# Photoshop expert needed!



## GatorDog (Aug 17, 2011)

I have no idea how to work photoshop and I got this great stacked shot of Aiden today without realizing that the wagon in the background in pretty much in his mouth, and I wasn't completely level with him and the ground. Any chance I could get one of you amazing people to help me out?   You can fool around with the color/lighting too if you'd like. He looks a little washed out in this. I just love his expression in this shot.


----------



## marbury (Apr 3, 2012)

Good luck, my friend... what you're asking is usually $35 a pop from a pro.


----------



## GatorDog (Aug 17, 2011)

marbury said:


> Good luck, my friend... what you're asking is usually $35 a pop from a pro.


Oh man


----------



## marbury (Apr 3, 2012)

It's always worth a try!  But what would we replace the wagon *with*? We're not magicians, even the best of us. We'd either have to clone another part of the picture (there's no more fence to clone), crop out the dog entirely, or add bits from another picture. If you have spare time you can try messing around with SAI yourself to get an idea of what you're asking for.


----------



## GatorDog (Aug 17, 2011)

marbury said:


> It's always worth a try! But what would we replace the wagon *with*? We're not magicians, even the best of us. We'd either have to clone another part of the picture (there's no more fence to clone), crop out the dog entirely, or add bits from another picture. If you have spare time you can try messing around with SAI yourself to get an idea of what you're asking for.


I don't even know what SAI is..I fooled around with it a little to adjust the color and rotate it a little. I guess the wagon can stay.


----------



## Kaiser2012 (Mar 12, 2012)

here you go--I probably should have decreased the contrast in the background, but it was a quick edit.


newstackedguy by jsnail17, on Flickr


----------



## GatorDog (Aug 17, 2011)

Kaiser2012 said:


> here you go--I probably should have decreased the contrast in the background, but it was a quick edit.
> 
> 
> newstackedguy by jsnail17, on Flickr


You are the* BEST*!!  Thank you!!!


----------



## Beau (Feb 12, 2012)

Holy cow! Nice work!


----------



## Kaiser2012 (Mar 12, 2012)

hehe thank you  glad I could help


----------



## wildo (Jul 27, 2006)

marbury said:


> Good luck, my friend... what you're asking is usually $35 a pop from a pro.

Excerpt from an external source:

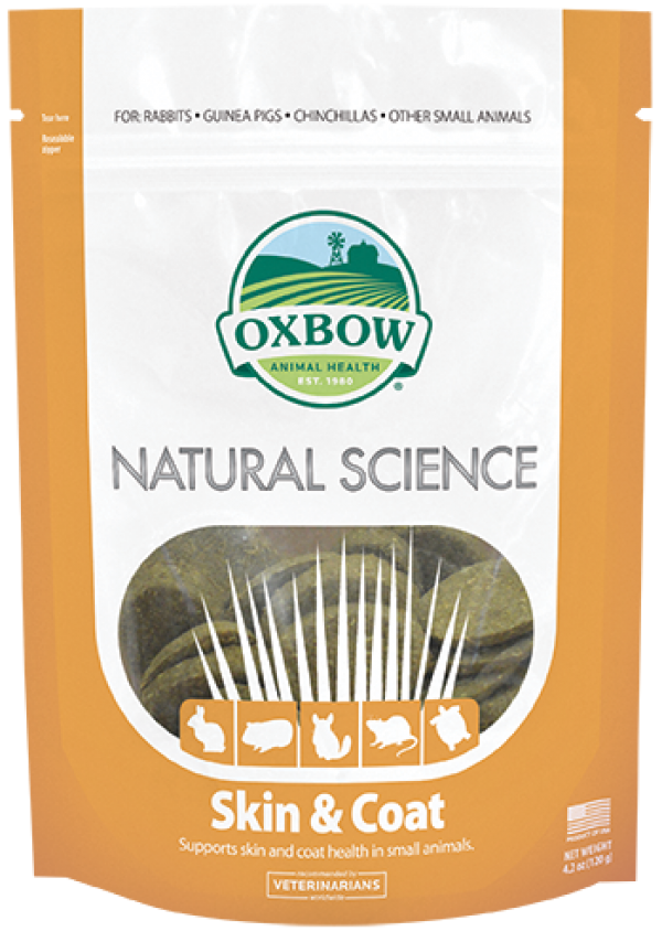 Skin & Coat è un integratore ad alto contenuto di fibre con diversi ingredienti vegetali per sostenere la salute dermatologica e cutanea del vostro animale domestico. La radice di bardana migliora il processo di rinnovamento del manto e supporta la funzione cutanea, mentre la camomilla aiuta a ridurre prurito e graffi. L'olio di palma rosso è una ricca fonte di acidi grassi essenziali. Gli animali da compagnia vivono più a lungo grazie ad una corretta alimentazioni, a cure adeguate e a visite abituali di controllo dal veterinario. I disturbi più comuni riscontrati dai veterinari in questi piccoli animali erbivori sono legati alla digestione, a infezioni al tratto urinario, a problemi alle articolazioni, problemi al pelo e alla pelle. Somministrare una tavoletta Natural Science Oxbow garantisce che gli animali ricevono l'intero supporto dell'integratore necessario per una salute ottimale. Skin & Coat non è da somministrare nell'acqua in quanto perde la sua efficacia, inoltre se lasciata nella ciotola dell'acqua del vostro animale potrebbe alterarne il gusto facendo ridurre o addirittura rifiutare l'acqua all'animale, questo può portare ad altri problemi di salute. Ingredienti Inattivi per 1 tavoletta: Fleolo, farina d’orzo, farina d’avena, melassa di canna, farina di semi di lino, lievito di birra secco, olio di palma rosso, olio di canola, radice di bardana, alghe. Principi Attivi Camomilla: 45 mg Radice di Bardana: 13.5mg Olio di Palma Rosso: 20 mg Olio di Colza: 20 mg. Istruzioni nutrizionali: Seguire tabella : Conigli, cavie, cincillà| Peso: 0-0.450gr | Dosi consigliate: Somministrare 1/2 Tavoletta al giorno Animale: Conigli, cavie, cincillà| Peso:0,450gr-1,8KG | Dosi consigliate: Somministrare 1 Tavoletta al giorno Animale: Conigli, cavie, cincillà| Peso:1.8KG + KG | Dosi consigliate: Somministrare 2 Tavolette al giorno Animale: Ratti, Degu| Peso: Tutti i pesi | Dosi consigliate: Somministrare 1/4 Tavoletta al giorno. Confezione da 120gr.

I don't really understand this response. If you're not willing to try, why comment? Who cares how much it cost? There are some helpful people on here...

GatorDog- I almost have a correction attempt complete, but I'd like to ask:
I've always found photos of your dog to be a bit over saturated for my taste. Almost a lomo effect on your dog. Is that on purpose? Are these film shots or something? You definitely have a distinct style to your photos, and I want to preserve that for you *IF* it's intentional... Otherwise, I'd like to tame it a bit, which I think will actually _improve_ the clarity of your dog... Let me know...


----------



## GatorDog (Aug 17, 2011)

wildo said:


> I don't really understand this response. If you're not willing to try, why comment? Who cares how much it cost? There are some helpful people on here...
> 
> GatorDog- I almost have a correction attempt complete, but I'd like to ask:
> I've always found photos of your dog to be a bit over saturated for my taste. Almost a lomo effect on your dog. Is that on purpose? Are these film shots or something? You definitely have a distinct style to your photos, and I want to preserve that for you *IF* it's intentional... Otherwise, I'd like to tame it a bit, which I think will actually _improve_ the clarity of your dog... Let me know...

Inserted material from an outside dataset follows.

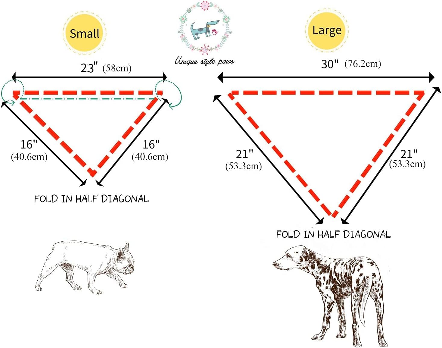 • Триъгълни размери: малък = 58 см x 40,6 см x 40,6 см, голям = 76,2 см x 53,3 см x 53,3 см. Моля, измерете врата на вашия домашен любимец и предвидете място за връзване (малките размери са подходящи за обиколка на врата 40 см, големите размери са подходящи за обиколка на врата 58 см).

Thank you for the appropriate response! I take most of my shots with my crappy iphone camera (saving for a dslr). They are either washed out or get that lomo effect look. I suck  I am open to anything that you would suggest to improve it! Thank you very very much! I really do appreciate it.


----------



## wildo (Jul 27, 2006)

Eh... I just did both.

First- I tamed down your saturation a bit:









Second: I left the saturation a bit high (for my tastes):


----------



## GatorDog (Aug 17, 2011)

wildo said:


> Eh... I just did both.
> 
> First- I tamed down your saturation a bit:
> 
> ...


Thank you so much! It looks fantastic. You are absolutely right about the clarity. HUGE difference!


----------



## e.rigby (May 28, 2011)




----------



## e.rigby (May 28, 2011)

And just for fun.


----------



## GatorDog (Aug 17, 2011)

e.rigby said:


> And just for fun.


That's a cool effect! Thanks!


----------



## wildo (Jul 27, 2006)

Ok- here's my final version that I'm most happy with. The fact that the woods at the top corner were actually NOT underexposed was both impressive, and oddly unrealistic. There's so much red in your dog, and green in the woods that the clarity at the top right corner just seemed too HDR-ish for me. 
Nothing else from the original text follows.